§ Activity: Would you retype exactly the lines below, starting with the one that has "พระตรีมูรติ วัดหนองปรือ ( พระอาจารย์ธรรมดล" and going on through the one that has "Časopis Muzeálnej Slovenskej", with no pictures and nothing else?

(Collection entries)
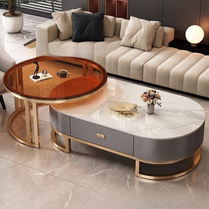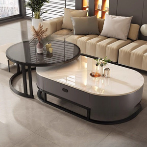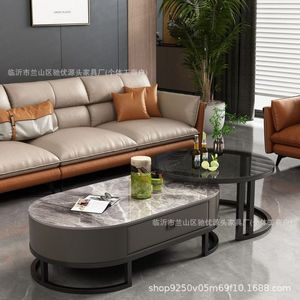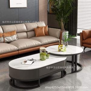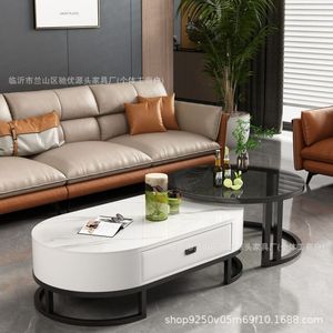 スレートコーヒーテーブルリビングルームホームライト高級モダンシンプルな小さなアパートティーテーブルラウンド2025新しいティーネットレッドコーヒーテーブル
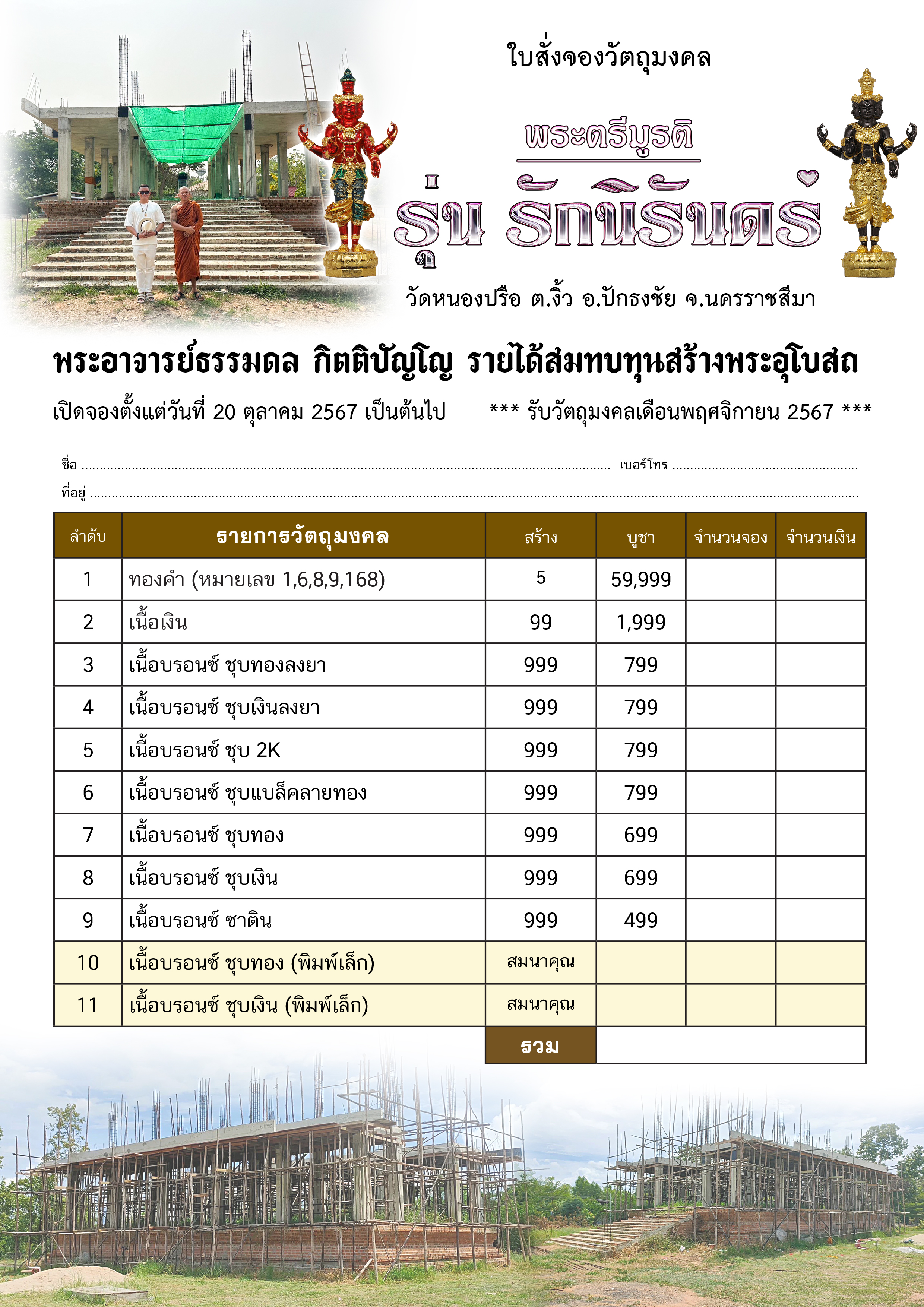พระตรีมูรติ วัดหนองปรือ ( พระอาจารย์ธรรมดล กิตติปัญฺโญ) ท่านคือ การรวมอานุภาพของมหาเทพทั้ง 3 พระองค์ ไว้ในองค์เดียวกัน ( พระพรหม พระวิษณุ พระศิวะ ) ผู้บูชาท่านจะบังเกิดความเป็นสิริมงคล และความอุดมสมบูรณ์พูนสุขขึ้นในชีวิต ทั้งนี้ชาวไทยและต่างชาติเชื่อกันว่า หากบูชา พระตรีมูรติ จะทำให้ประสบความสำเร็จ และความเจริญในชีวิต ทั้งในเรื่องของหน้าที่การงาน การเงิน สุขภาพ โชคลาภ รวมถึง เรื่อง ความรัก ที่เป็นที่รู้จักกันอย่างกว้างขวาง ผู้คนมากมายที่สมปรารถนา จากการขอพรเรื่องความรัก จากท่าน ในวันที่ 24 ตุลาคม 2567 นี้ ทางวัดหนองปรือ อ.ปักธงชัย จ.นครราชสีมา ได้จัดพิธี พุทธาภิเษก และได้นำพระตรีมูรติ เข้าพิธีปลุกเสกด้วย โดยมีพระเกจิฯ คณาจารย์ที่มีชื่อเสียงหลายท่าน มาในพิธี อธิษฐานจิตปลุกเสก จึงเป็นการยืนยันว่าพระตรีมูรติของวัดหนองปรือ จะมีความศักดิ์สิทธิ์คู่ควรกับการบูชาไว้ติดตัว ติดบ้านเรือนเอาไว้ เพื่อความเป็นสิริมงคลแก่ตัวเองและครอบครัว และเพื่อความสมปรารถนาในโชคลาภ เงินทอง ความรัก ความสมหวัง ทุกประการ #ขวัญพระเครื่อง #ขวัญธานันท์พระเครื่อง
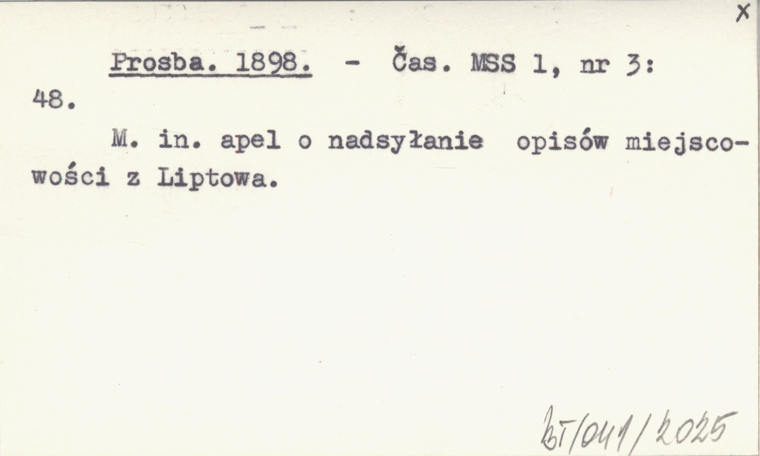 Časopis Muzeálnej Slovenskej Spoločnosti, 1, nr 3: 48. M. in. apel o nadsyłanie opisów miejscowości z Liptowa.
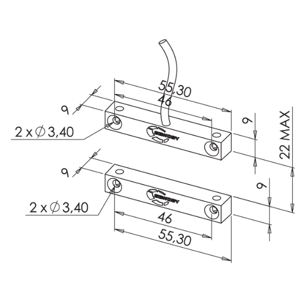 Peut aussi s'intégrer dans les feuillures des huisseries.La fixation est frontale ou latérale selon les besoins.Câble de 10 m compris dans la livraison, permettant d'adapter la connexion à de multiples configurations de pose.
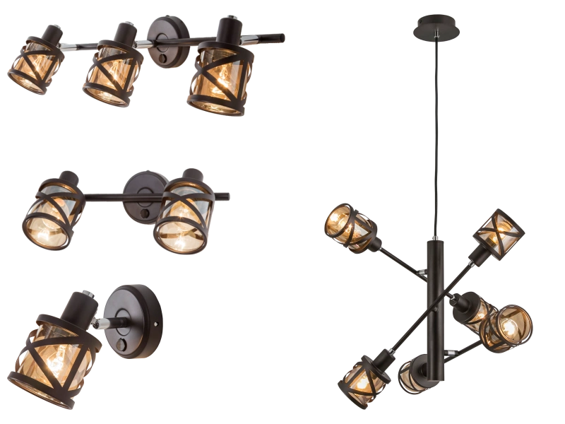 Корпус изделий металлический, стильного кофейного оттенка, плафоны цилиндрической формы — из прозрачного стекла с легкой светло-янтарной тонировкой, защищенные металлическим каркасом из листового металла. Плафоны в спотах закреплены на шарнирах, каждый плафон вращается независимо от других. Люстре можно придать разные силуэты, меняя положение рожков, ее высоту можно регулировать в зависимости от ваших предпочтений, или вообще собрать в потолочном варианте.
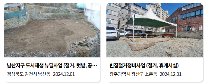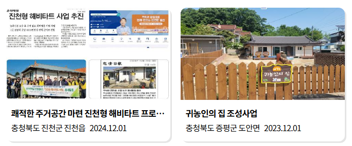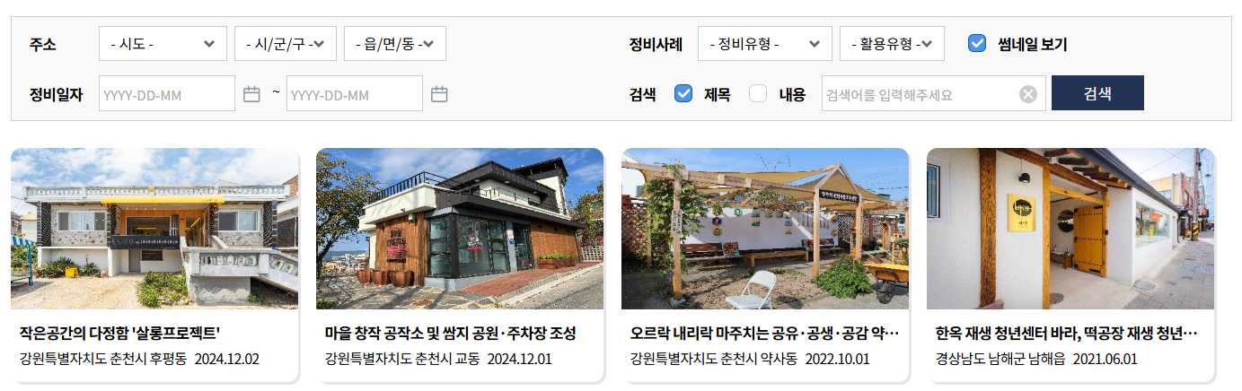 이러한 정보들은 빈집애 누리집에서 유형별로 정리되어 있어, 빈집 활용을 고민하는 사람들에게 실질적인 참고 자료가 될 수 있습니다.
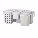 В этой комбинации 5 контейнеров для сортировки банок, небольших упаковок, лампочек и батареек и 1 контейнер для органических отходов.
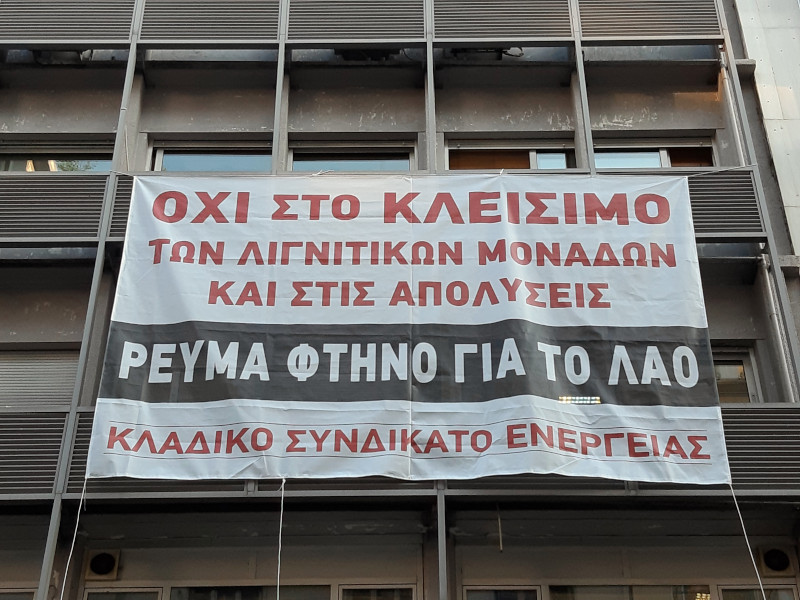 Μάλιστα ανήρτησαν και πανό στην πρόσοψη του κτιρίου. Τα μέλη του ΠΑΜΕ αντιδρούν στο κλείσιμο των λιγνιτικών μονάδων και στις απολύσεις, ενώ ζητούν «φτηνό ρεύμα για το λαό».
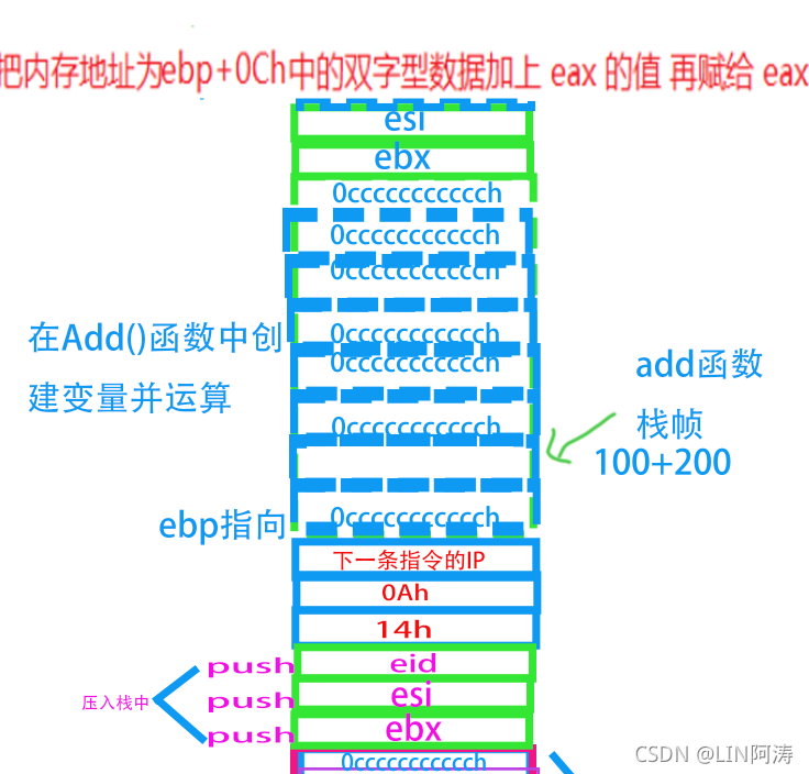 Add函数,开始调用计算计算完成的值赋给eax,此时我们的计算已经完成,接下来调用的值开始返回
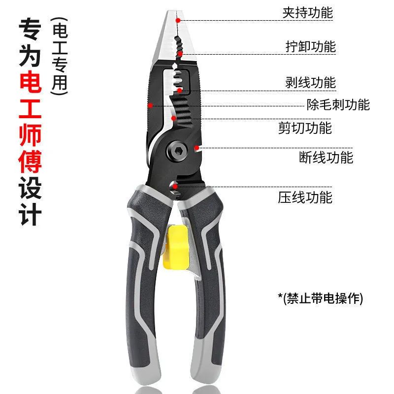 多功能设计:一把钳子,多种功能,包括剥线、剪线、拔皮、断线等,省去了携带多种工具的麻烦。
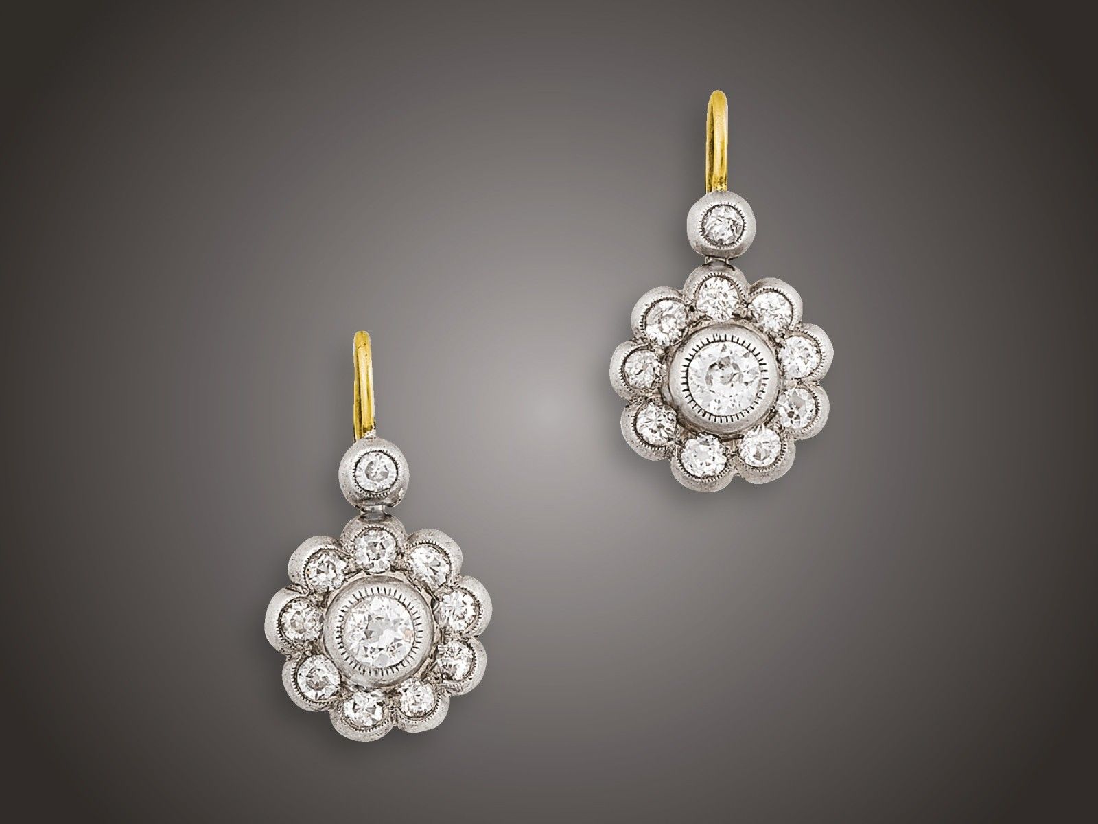 Arany 585, 2 nagyobb és 20 kisebb régi csiszolású briliáns cca. 2,10 ct (R2CrP1-P2) csüngős rozetta fazonban, patentzáras beakasztással, 1930 körül, után fémjelzett, 6,0 g

§ Answer section:
พระตรีมูรติ วัดหนองปรือ ( พระอาจารย์ธรรมดล กิตติปัญฺโญ) ท่านคือ การรวมอานุภาพของมหาเทพทั้ง 3 พระองค์ ไว้ในองค์เดียวกัน ( พระพรหม พระวิษณุ พระศิวะ ) ผู้บูชาท่านจะบังเกิดความเป็นสิริมงคล และความอุดมสมบูรณ์พูนสุขขึ้นในชีวิต ทั้งนี้ชาวไทยและต่างชาติเชื่อกันว่า หากบูชา พระตรีมูรติ จะทำให้ประสบความสำเร็จ และความเจริญในชีวิต ทั้งในเรื่องของหน้าที่การงาน การเงิน สุขภาพ โชคลาภ รวมถึง เรื่อง ความรัก ที่เป็นที่รู้จักกันอย่างกว้างขวาง ผู้คนมากมายที่สมปรารถนา จากการขอพรเรื่องความรัก จากท่าน ในวันที่ 24 ตุลาคม 2567 นี้ ทางวัดหนองปรือ อ.ปักธงชัย จ.นครราชสีมา ได้จัดพิธี พุทธาภิเษก และได้นำพระตรีมูรติ เข้าพิธีปลุกเสกด้วย โดยมีพระเกจิฯ คณาจารย์ที่มีชื่อเสียงหลายท่าน มาในพิธี อธิษฐานจิตปลุกเสก จึงเป็นการยืนยันว่าพระตรีมูรติของวัดหนองปรือ จะมีความศักดิ์สิทธิ์คู่ควรกับการบูชาไว้ติดตัว ติดบ้านเรือนเอาไว้ เพื่อความเป็นสิริมงคลแก่ตัวเองและครอบครัว และเพื่อความสมปรารถนาในโชคลาภ เงินทอง ความรัก ความสมหวัง ทุกประการ #ขวัญพระเครื่อง #ขวัญธานันท์พระเครื่อง
 Časopis Muzeálnej Slovenskej Spoločnosti, 1, nr 3: 48. M. in. apel o nadsyłanie opisów miejscowości z Liptowa.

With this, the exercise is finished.